New Target for Cancer Immunotherapy: President Mien-Chie Hung’s International Research Team Published Their Study in Nature Communication
Date：February 4, 2021
A significant progress in Taiwan’s cancer immunotherapy research! The international research team led by CMU President Mien-Chie Hung found that “Galectin-9 interacts with PD-1 and TIM-3 to regulate T cell death and is a target for cancer immunotherapy.” This study was published in the prestigious journal Nature Communication, which provided a new insight for cancer immunotherapy. Furthermore, the Nature Research Cancer Community of the United States invited President Hung’s team to share about their research motivation, ideas, and experiences behind this study, indicating that the international medical community pays great attention to this new research finding.

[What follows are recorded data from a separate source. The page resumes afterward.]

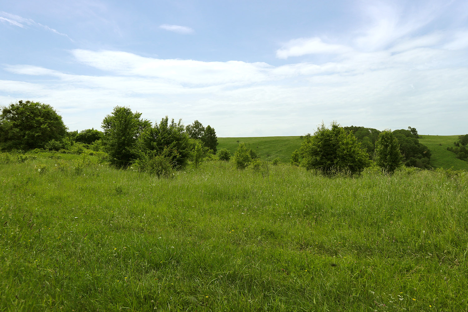За разнотравно-злаковым лугом просматривается очередная балка с ручьём и деревьями. Деревья и кусты на Джиссе встречаются только в обводнённых балках. 15.06.2024. [summer]
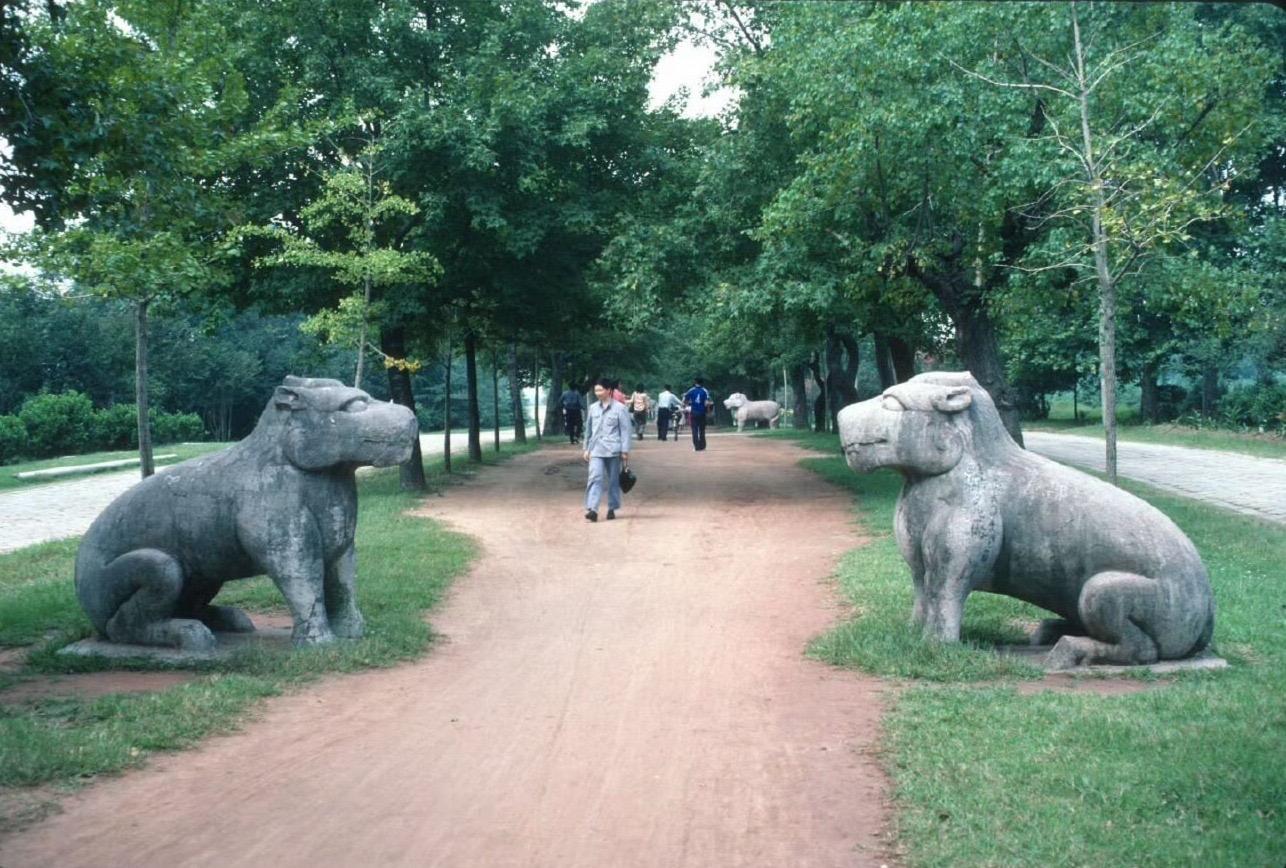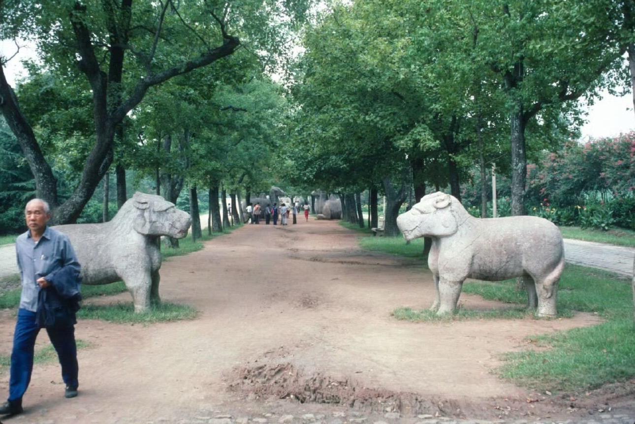 1984年南京夏日。1984 年的夏日,石马雕像旁孩童嬉闹,神道石像生...
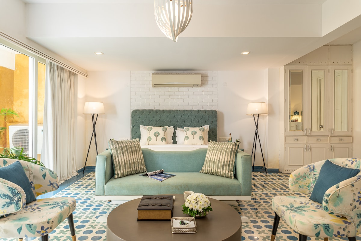 Experience refined comfort in the heart of Fontainhas, Panjim’s most vibrant, and historic quarter. This elegant neo – Art Deco apartment blends boho chic with premium design, offering a luxurious and intimate stay for up to four guests. Every detail exudes elegance and ease. Step outside to Goa’s culinary heart – beside one of India’s Top 100 restaurants, and moments away from seven more acclaimed dining gems.
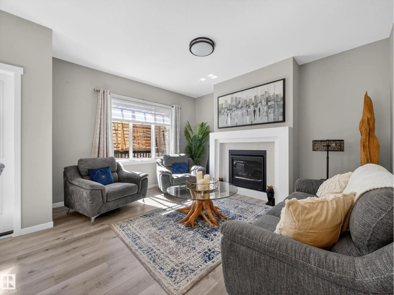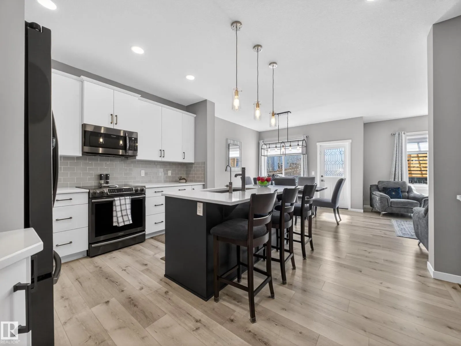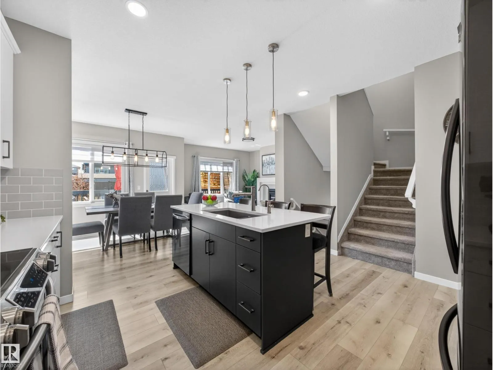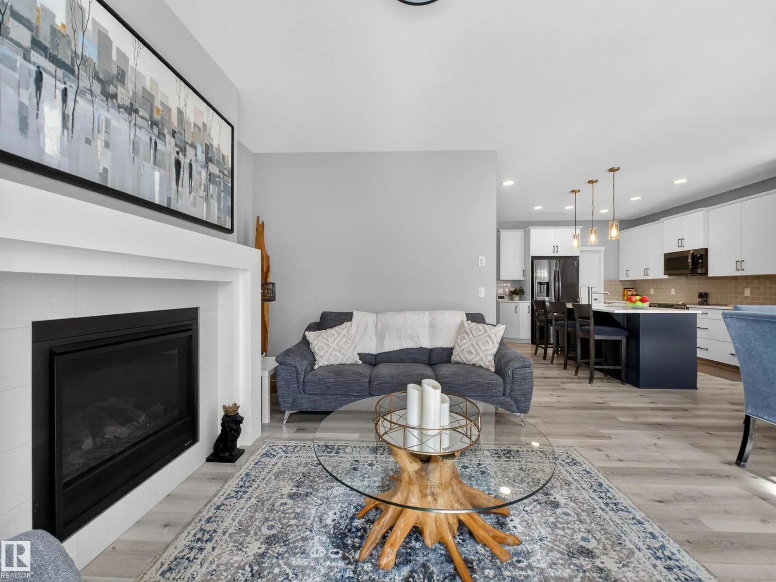 Welcome to this stunning, move-in ready home with stylish, modern finishings throughout! The main floor features beautiful LVP flooring and a designer kitchen with classic white cabinetry, a contrasting grey island, quartz countertops, sleek hardware, and stainless steel appliances. The open-concept living room is anchored by a trendy gas fireplace and a large picture window overlooking the backyard. Step outside
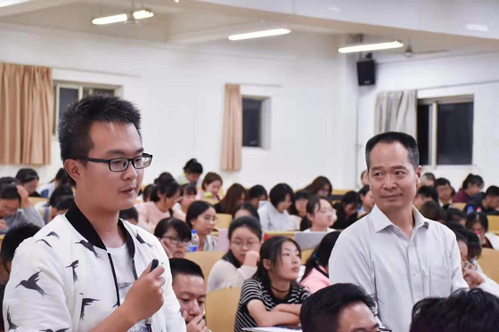 首先,汪教授以积极参与、积极记录、积极思考、积极探讨作为开场白,告诫学生大学期间要多参加学术活动。
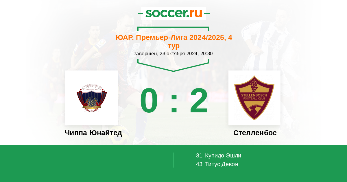 Протокол матча Чиппа Юнайтед против Стелленбос
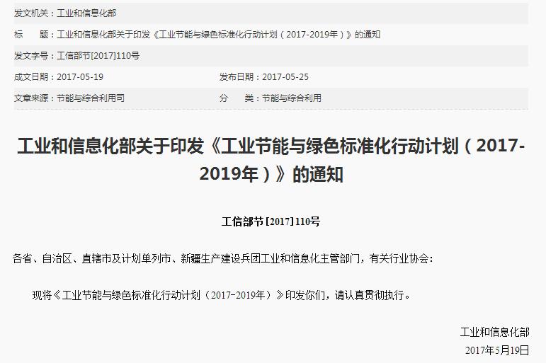 關(guān)于工信部印發(fā)《工業(yè)節(jié)能與綠色標(biāo)準(zhǔn)化行動計(jì)劃(2017-2019年)》的通知

“Immunotherapy is different from traditional chemotherapy, radiotherapy, and molecular targeted therapy. Immunotherapy does not kill the tumor directly, it is a new treatment that can overcome the immune suppression of the patients and restart the patients’ own immune cell to kill tumors,” explained President Hung.
Generally speaking, when T cells are activated, it can kill cancer cells. However, over-activation can cause autoimmune diseases. To avoid over-activation, T cells will express inhibitory receptors (ex. PD-1 and TIM3) and these inhibitory receptors will bind to their ligands to inhibit the immune activation of T cells when immune response is not required. In contrast, cancer cells will also express corresponding ligands (ex. PD-L1) to interact with PD1 when fighting T cells, in order to inhibit T cells from killing cancer cells. Moreover, cancer cells can release Gal-9, the ligand of TIM3, to bind with TIM3 on T cells and cause death to T cells. Both PD-1 and TIM3 on T cells have the function of inhibiting T cell activity, and blocking the inhibitory ability of PD-1 and TIM3 receptors on T cells has become the main direction for developing anti-cancer drugs.

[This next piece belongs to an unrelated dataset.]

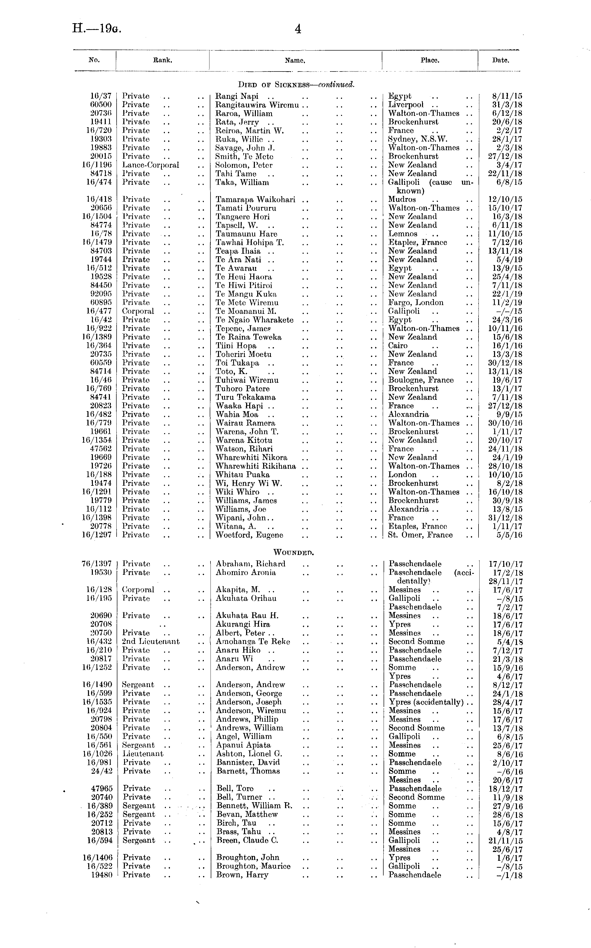 No. Bank. Name. Name. Place. Place. Date. Private Private Private Privato Private Private Private Privato Lance-Corporal Private Private Died oe Sickness— continued. 10/37 60500 20730 19411 16/720 19303 19883 20015 16/1196 84718 16/474 16/418 20050 10/1504 84774 16/78 16/1479 84703 19744 16/512 .19528 84450 92095 60895 16/477 16/42 16/922 16/1389 1.6/364 20735 60559 84714 16/46 16/769 84741 20823 16/482 16/779 19661 16/1354 47562 19669 19726 16/188 19474 16/1291 19779 16/112 16/1398 20778 16/1297 Private Private Private Private Private Private Private Private Private Private Private Private Private Corporal .. Private Private Private Private Privato Private Private Private Private Private Private Private Private Private Private Private Private Private Private Private Private Private Private Private Private Private Rangi Napi Rangitauwira Wiremu Raroa, William Rata, Jerry Reiroa, Martin W. .. Ruka, Willie Savage, John J. .. Smith, Te Mete Solomon, Peter Tahi Tame .. Taka, William Tamarapa Waikohari Tamati Poururu Tangaere Hori .. Tapsell, W. .. Taumaunu Hare Tawhai Hohipa T. Teapa Ihaia .. .. Te Ara Nati Te Awarau . . Te Heui Haora Te Hiwi Pitiroi . . Te Mangu Kuka Te Meto Wiremu . . Te Moananui M. Te Ngaio Wharakete Tepene, James Te Rain a Tcweka Tiini Hopa Tohoriri Moetu . . Toi Tukapa .. .. Toto, K. Tuhiwai Wiremu Tuhoro Patoro Turu Tekakama Waaka Hapi Wahia Moa Wairau Ramora Warena, John T. Warena Kitotu Watson, Rihari Wharewhiti Nikora Wharewhiti Rikihana Whitau Puaka .. Wi, Henry Wi W. . . Wiki Whiro Williams, James Williams, Joe Wipani, John Witana, A. Woetford, Eugene : : i ■ ■ ( ; i : i ] - : : i - : : i : i : : : : ] : i ] i ] : i : j : i Egypt Liverpool Walton-on-Thames .. Brockenhurst France Sydney, N.S.W. Walton-on-Thames .. Brockenhurst New Zealand New Zealand Gallipoli (cause unknown) Mudros Walton-on-Thames .. New Zealand New Zealand Lemnos Etaples, France New Zealand New Zealand Egypt New Zealand New Zealand New Zealand Fargo, London Gallipoli Egypt Walton-on-Thames .. New Zealand Cairo New Zealand France New Zealand Boulogne, France Brockenhurst New Zealand France Alexandria Walton-on-Thames .. Brockenhurst New Zealand Prance New Zealand Walton-on-Thames .. London Brockenhurst Walton-on-Thames .. Brockenhurst Alexandria France Etaples, France St. Omer, Franco 8/11/15 31/3/18 6/12/18 20/6/18 2/2/1.7 28/1/17 2/3/18 27/12/18 3/4/17 22/11/18 6/8/15 12/10/15 15/10/17 10/3/18 6/11/18 11/10/15 7/12/16 13/11/18 5/4/19 13/9/15 25/4/18 7/11/18 22/1/19 11/2/19 -/-/IB 24/3/16 10/11/16 15/6/18 16/1/16 13/3/18 30/12/18 13/11/18 19/6/17 13/1/17 7/11/18 27/12/18 9/9/15 30/1.0/16 1/11/17 20/10/17 24/11/18 24/1/19 28/10/18 10A0/15 8/2/18 16/10/18 30/9/18 13/8/15 31/12/18 1/11/17 5/5/16 76/1397 19530 Private Private, Wounded. 17/10/17 17/2/18 28/11/17 17/6/17 -A/15 7/2/17 18/6/17 17/6/17 18/6/17 5/4/18 7/12/17 21/3/18 15/9/16 4/6/17 8/12/17 24/1/18 28/4/17 15/6/17 17/6/17 13/7/18 6/8/15 25/6/17 8/6/16 2/10/17 -/6/16 20/6/17 18/12/17 11/9/18 27/9/16 28/6/18 15/6/17 4/8/17 21/11/15 25/6/17 1/6/17 -A/15 -/I/I8 16/128 16/195 20690 20708 20750 16/432 16/210 20817 16/1252 16/1490 16/599 16/1535 16/924 20798 20804 16/550 16/561 16/1026 16/981 24/42 Corporal Private Private Privato 2nd Lieutenant Privato Private Private Sergeant .. Private Private Private Private Privato Private Sergeant .. Lieutenant Private Private Abraham, Richard Ahomiro Aronia Akapita, M. .. Akuhata Orihau Akuhata Rau H. Akurangi Hira .. Albert, Peter Amohanga Te Reke .. Anaru Hiko Anaru Wi Anderson, Androw Anderson, Andrew Anderson, George Anderson, Joseph Anderson, Wiremu Andrews, Phillip Andrews, William Angel, William .. Apanui Apiata Ashton, Lionel G. Bannister, David Barnett, Thomas .. Bell, Tore .. Bell, Turner Bennett, William R. . . Bcvan, Matthew . . Birch, Tau .. Brass, Tahu Breen, Claude C. Broughton, John Broughton, Maurice Brown, Harry j i : i Passchendaele Passchendaele (accidentally! Messines Gallipoli Passchendaele Messines Ypres Messines Second Somme Passchendaele Passchendaele, Somme Ypres Passchendaele Passchendaele Ypres (accidentally) .. Messines Messines Second Somme Gallipoli Messines .. Somme Passchendaele Somme .. Messines Passchendaele Second Somme Somme Somme Somme Messines Gallipoli Messines Ypres Gallipoli Passchondaele 47965 20740 16/389 16/252 20712 20813 16/594 Private Private Sergeant .. Sergeant .. Private Private Sergeant .. 16/1406 16/522 19480 Private Private Private

In addition, this study found that PD-1 can bind to Gal-9, and antagonizing the death of T cells induced by the binding of Gal-9 and TIM3. That is, the “triple alliance” of PD-1, Gal-9, and TIM3 allows T cell to survive, however lost the ability to kill cancer cells.

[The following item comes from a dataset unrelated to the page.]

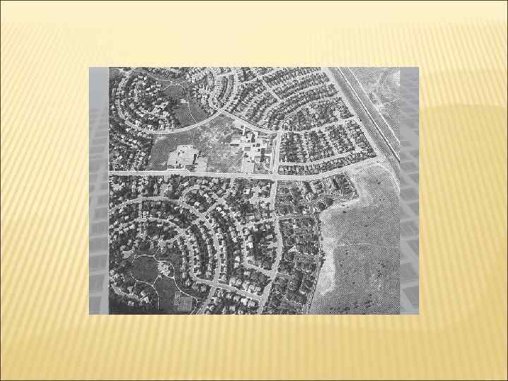 ОСНОВНЫЕ ПРИНЦИПЫ КОНЦЕПЦИЙ МИКРОРАЙОНОВ Структурные единицы. г. Рэдберн: К. Стейн и С. Райт, 1928 г. Поселок разделен на три структурные единицы с основными видами обслуживания, которые рассчитаны на 7500 – 10000 жителей. Предусмотрен общественный центр всего поселка. УК северу от центра находится территория для размещения небольшого промышленного комплекса. В связи с экономическим кризисом была реализована лишь часть проекта. План северо-западного и юго-западного микрорайонов: 1 – здания, построенные к 1929 г. ; 2 – будущая застройка
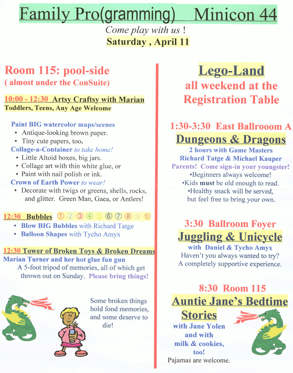 Minicon features several hours of special Kids' Programming on Saturday. Kids of all ages will have an opportunity to hot glue a really tall pile of junk, and also take techie stuff apart. Comics, food, music, art (and more?). Best of all, Richard Tatge's amazing bubble show.

To restore the cancer-killing activity of T cells, the research team used activated antibodies to stimulate GITR, the “co-activated receptor” of T cells, so that the T cells can regain their cancer-killing ability. This combined therapy of activated GITR antibody and inhibitory Gal-9 antibody greatly increases the number of T cells with tumor killing activity, and the tumor growth is inhibited significantly.
Previous research have shown that a large amount of interferon would be produced during the process of activation of immune system. This study further found that the combined effect of β interferon and γinterferon will significantly increase the expression and secretion of Gal-9, meaning that the increased expression and secretion of Gal-9 in immunotherapy may be one of the reasons that adaptive resistance occurs in immunotherapy. Therefore, blocking Gal-9 and combining other immunotherapy might overcome the adaptive resistance.
This study revealed that the immune checkpoint protein PD-1 has a new biological function in regulating the death of T cells, clarified the regulation mechanism of Gal-9 expression and secretion in tumor microenvironment, and discovered the anti-tumor efficacy of the combination of Gal-9 as a new immunotherapy target and other immunotherapy. This study provided a new direction and prospect for future cancer immunotherapy.